(Provided information Opens)
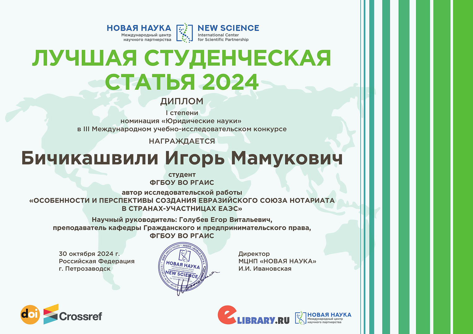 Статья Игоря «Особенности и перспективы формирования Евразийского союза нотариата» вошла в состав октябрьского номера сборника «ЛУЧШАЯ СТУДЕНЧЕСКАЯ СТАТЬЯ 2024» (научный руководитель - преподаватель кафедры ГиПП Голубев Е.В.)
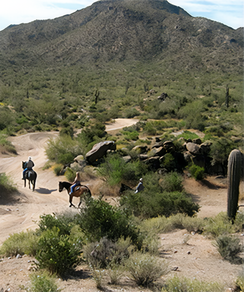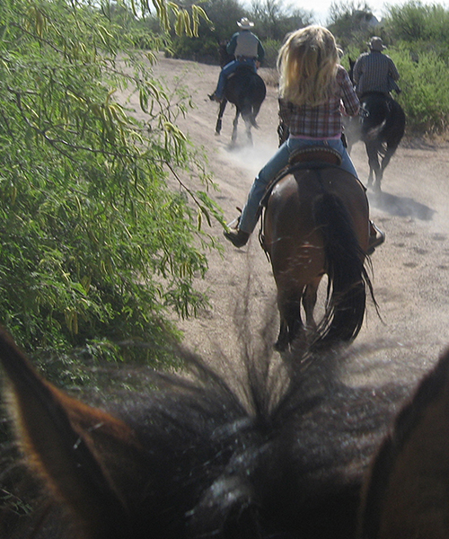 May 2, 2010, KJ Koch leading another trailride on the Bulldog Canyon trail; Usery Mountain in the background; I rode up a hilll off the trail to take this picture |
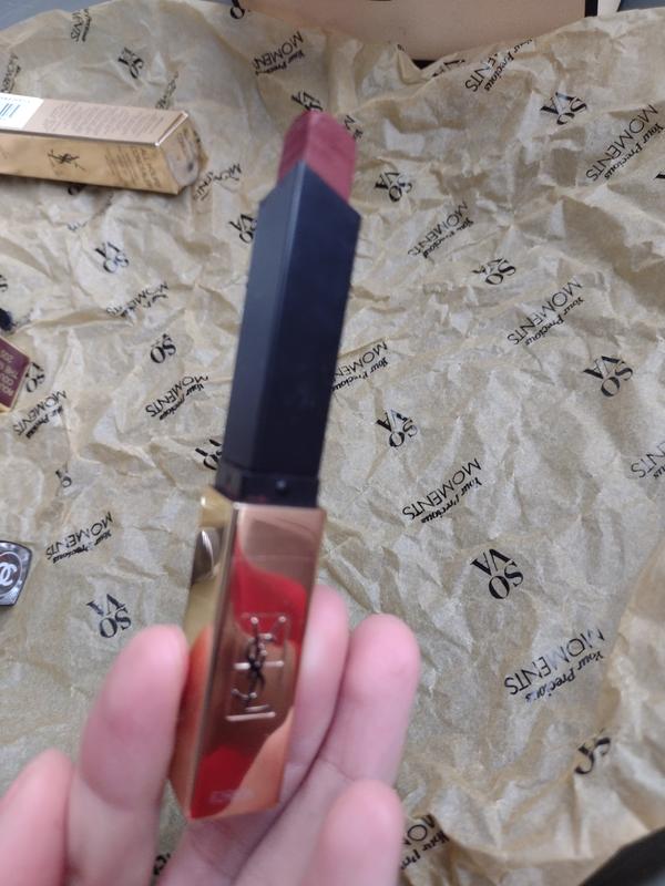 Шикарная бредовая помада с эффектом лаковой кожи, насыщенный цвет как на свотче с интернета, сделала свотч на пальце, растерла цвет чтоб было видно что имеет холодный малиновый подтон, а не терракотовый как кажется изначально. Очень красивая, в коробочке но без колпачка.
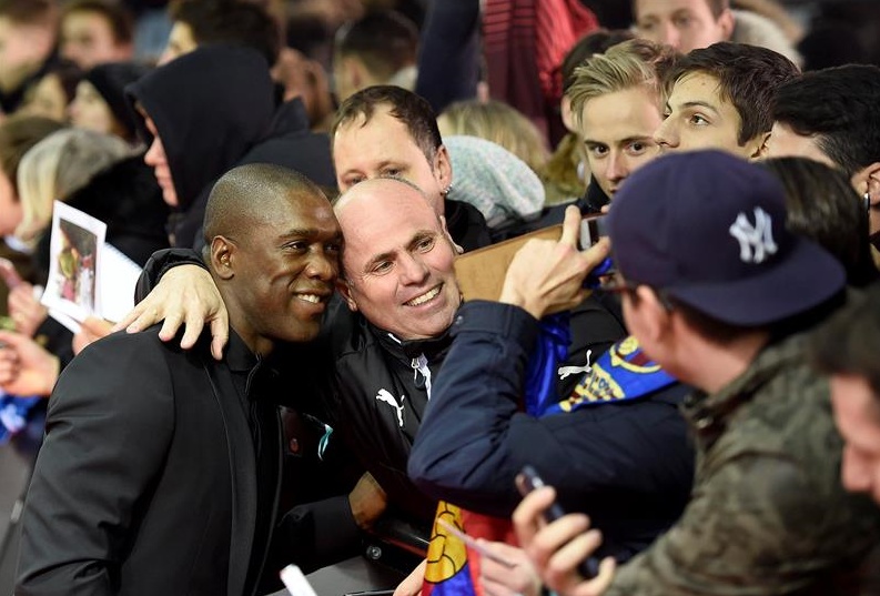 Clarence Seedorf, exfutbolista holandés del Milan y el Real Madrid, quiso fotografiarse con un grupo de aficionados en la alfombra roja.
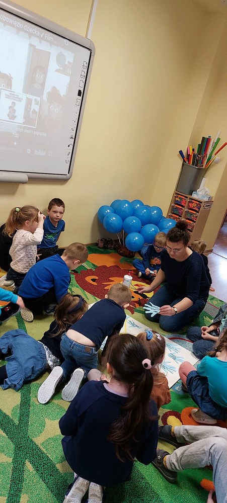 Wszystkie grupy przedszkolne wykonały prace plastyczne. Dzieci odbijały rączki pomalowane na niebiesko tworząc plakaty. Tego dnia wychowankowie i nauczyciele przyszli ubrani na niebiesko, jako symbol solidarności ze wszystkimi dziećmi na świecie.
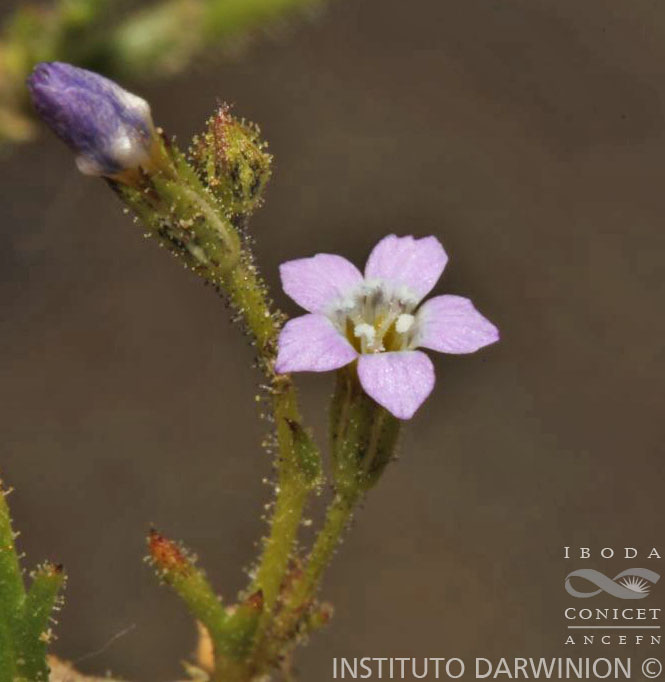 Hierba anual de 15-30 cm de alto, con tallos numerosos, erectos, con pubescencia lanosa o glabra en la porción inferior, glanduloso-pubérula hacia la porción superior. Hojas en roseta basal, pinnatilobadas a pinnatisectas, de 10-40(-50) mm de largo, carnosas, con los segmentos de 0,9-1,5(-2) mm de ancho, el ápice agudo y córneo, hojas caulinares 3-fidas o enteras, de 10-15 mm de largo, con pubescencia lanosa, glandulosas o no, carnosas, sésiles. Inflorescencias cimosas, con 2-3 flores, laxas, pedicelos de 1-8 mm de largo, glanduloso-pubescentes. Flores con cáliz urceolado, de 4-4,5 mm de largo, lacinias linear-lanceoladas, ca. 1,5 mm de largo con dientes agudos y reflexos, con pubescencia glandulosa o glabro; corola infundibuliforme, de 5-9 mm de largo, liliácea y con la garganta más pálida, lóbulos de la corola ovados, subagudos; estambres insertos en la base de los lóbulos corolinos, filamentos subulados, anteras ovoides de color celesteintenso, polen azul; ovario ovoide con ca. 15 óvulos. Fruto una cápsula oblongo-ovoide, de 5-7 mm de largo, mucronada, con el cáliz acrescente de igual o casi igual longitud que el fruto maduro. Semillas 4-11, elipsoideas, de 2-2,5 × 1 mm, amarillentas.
(Provided information Closes)
◆ **Work item**
From the line with "Clarence Seedorf, exfutbolista" through the final line of the records above, return each line exactly and nothing else. Pictures are to be skipped.

◆ **Answer to this exercise**
 Clarence Seedorf, exfutbolista holandés del Milan y el Real Madrid, quiso fotografiarse con un grupo de aficionados en la alfombra roja.
 Wszystkie grupy przedszkolne wykonały prace plastyczne. Dzieci odbijały rączki pomalowane na niebiesko tworząc plakaty. Tego dnia wychowankowie i nauczyciele przyszli ubrani na niebiesko, jako symbol solidarności ze wszystkimi dziećmi na świecie.
 Hierba anual de 15-30 cm de alto, con tallos numerosos, erectos, con pubescencia lanosa o glabra en la porción inferior, glanduloso-pubérula hacia la porción superior. Hojas en roseta basal, pinnatilobadas a pinnatisectas, de 10-40(-50) mm de largo, carnosas, con los segmentos de 0,9-1,5(-2) mm de ancho, el ápice agudo y córneo, hojas caulinares 3-fidas o enteras, de 10-15 mm de largo, con pubescencia lanosa, glandulosas o no, carnosas, sésiles. Inflorescencias cimosas, con 2-3 flores, laxas, pedicelos de 1-8 mm de largo, glanduloso-pubescentes. Flores con cáliz urceolado, de 4-4,5 mm de largo, lacinias linear-lanceoladas, ca. 1,5 mm de largo con dientes agudos y reflexos, con pubescencia glandulosa o glabro; corola infundibuliforme, de 5-9 mm de largo, liliácea y con la garganta más pálida, lóbulos de la corola ovados, subagudos; estambres insertos en la base de los lóbulos corolinos, filamentos subulados, anteras ovoides de color celesteintenso, polen azul; ovario ovoide con ca. 15 óvulos. Fruto una cápsula oblongo-ovoide, de 5-7 mm de largo, mucronada, con el cáliz acrescente de igual o casi igual longitud que el fruto maduro. Semillas 4-11, elipsoideas, de 2-2,5 × 1 mm, amarillentas.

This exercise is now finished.